In an incident reported last year, a U.S. military MQ-9 Reaper drone flying a routine mission observed a “metallic orb,” a defense official told Congress Wednesday.
While popular culture has labeled what’s thought to be alien spacecraft as Unidentified Flying Objects (UFOs), the Pentagon recently created the All-domain Anomaly Resolution Office (AARO) which has taken on the role of legitimately tracking encounters with what it terms Unexplained Anomalous Phenomena (UAP).
“What we have done is reduce the most typically reported UAP characteristics to these fields, mostly around 1 to 4 meters wide,” said Sean M. Kirkpatrick, director of AARO, who appeared in front of a subcommittee of the Senate Armed Services Committee, describing how UAPs mostly appear. “Silver. Translucent. Metallic. 10,000 to 30,000 feet [in the air] with apparent velocities from the stationary to mach to no thermal exhausts usually detected.”

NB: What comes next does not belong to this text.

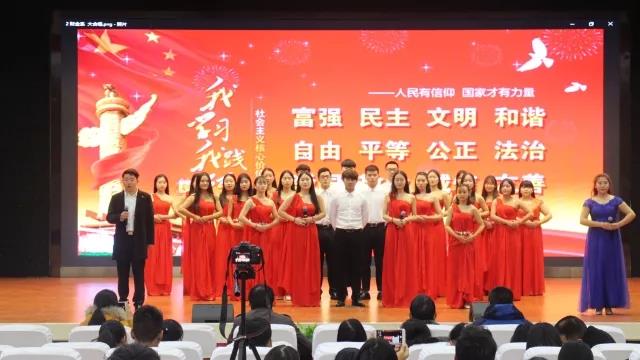 汇演由大学生艺术团激情飞扬的歌舞《冬天里的一把火》开场,展现中华传统文化的茶艺表演、书法表演和民族舞蹈表演美轮美奂;合唱《社会主义核心价值观之歌》、《党旗在我心中》让在座的师生们再次经受思想教育;地方戏曲联唱展现了大学生的多才多艺和文化自信;由思政教研部老师们自编自演的情景剧《晨曦》展示了在伟大的中国共产党的领导下,无数革命前辈抛头颅洒热血,才有我们今天的安定幸福的生活。一幕幕精彩绝伦的汇演展现了振奋人心红色精神,无一不感染在座的所有人,让同学们又一次深刻学习了十九大精神。

The statement is particularly notable because previously publicized military UAP sightings have come from manned aircraft. This is the first public instance of a military drone spotting a UAP.

Kirkpatrick was tight-lipped as to the origins of the aircraft, but acknowledged the almost inhuman levels of speed and design. But he was clear that UAP sightings have a wide range of potential explanations.
“That range spans adversary breakthrough technology on one hand, known objects and phenomena in the middle, all the way to the extreme theories of extraterrestrials.”
The Reaper episode he described occurred in 2022 somewhere in the Middle East and was accompanied by a video showing what appears to be a bright, shimmering silver orb following an aircraft that he described as a “spherical UAP.”